Dataset excerpt:
§

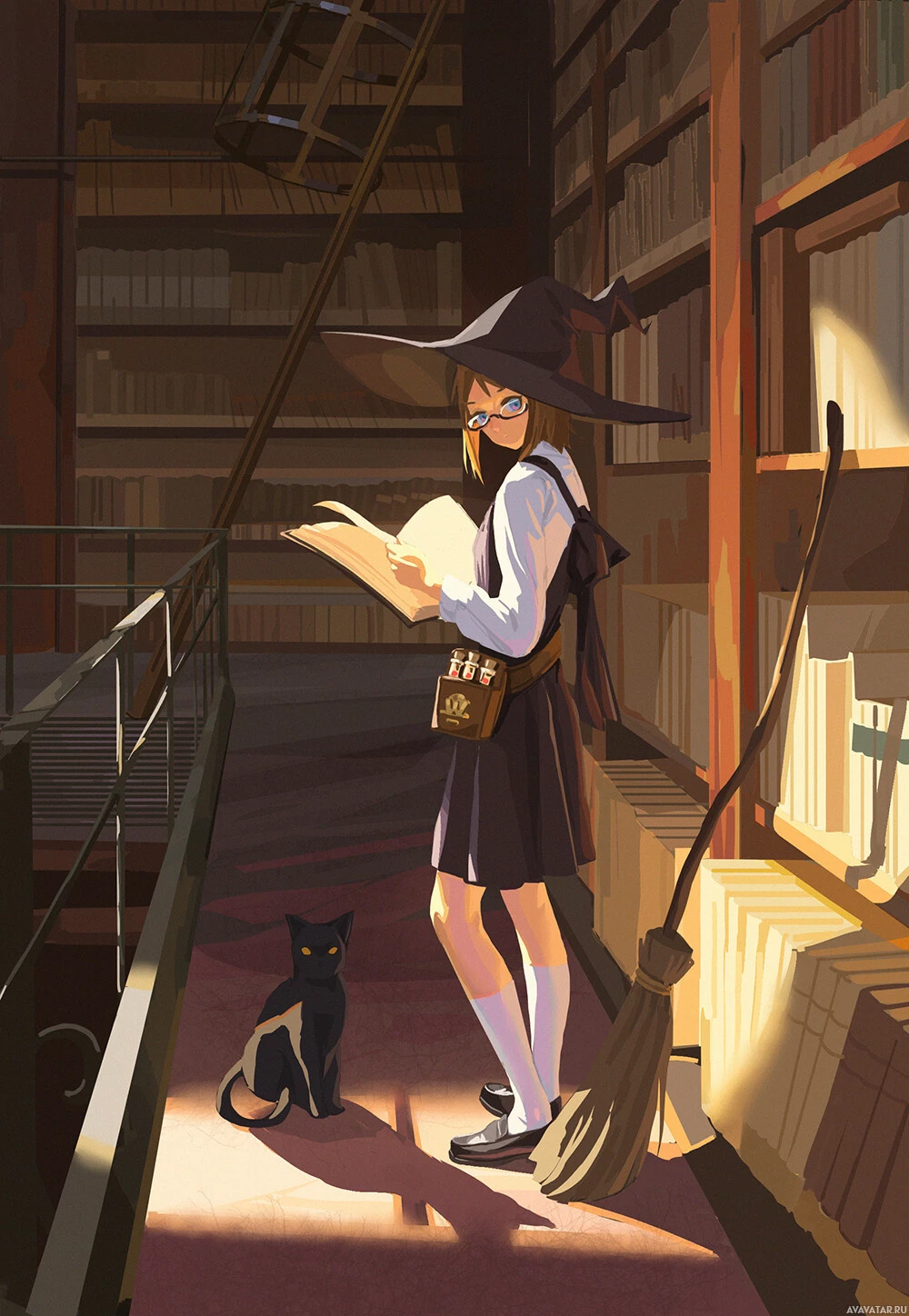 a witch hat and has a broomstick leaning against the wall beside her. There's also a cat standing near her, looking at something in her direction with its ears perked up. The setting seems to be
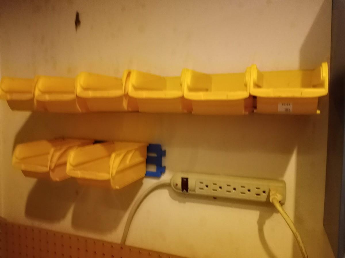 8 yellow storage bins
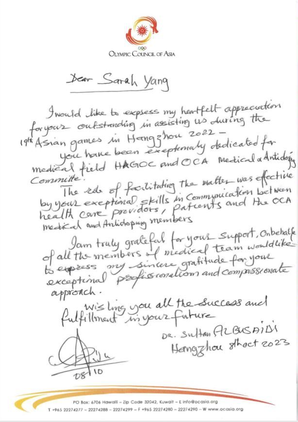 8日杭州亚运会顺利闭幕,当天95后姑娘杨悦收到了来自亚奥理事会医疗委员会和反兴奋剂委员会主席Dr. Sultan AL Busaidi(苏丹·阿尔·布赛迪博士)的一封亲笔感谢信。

§

Every line of the material must be reproduced verbatim; the pictures are to be omitted.

Response:
 a witch hat and has a broomstick leaning against the wall beside her. There's also a cat standing near her, looking at something in her direction with its ears perked up. The setting seems to be
 8 yellow storage bins
 8日杭州亚运会顺利闭幕,当天95后姑娘杨悦收到了来自亚奥理事会医疗委员会和反兴奋剂委员会主席Dr. Sultan AL Busaidi(苏丹·阿尔·布赛迪博士)的一封亲笔感谢信。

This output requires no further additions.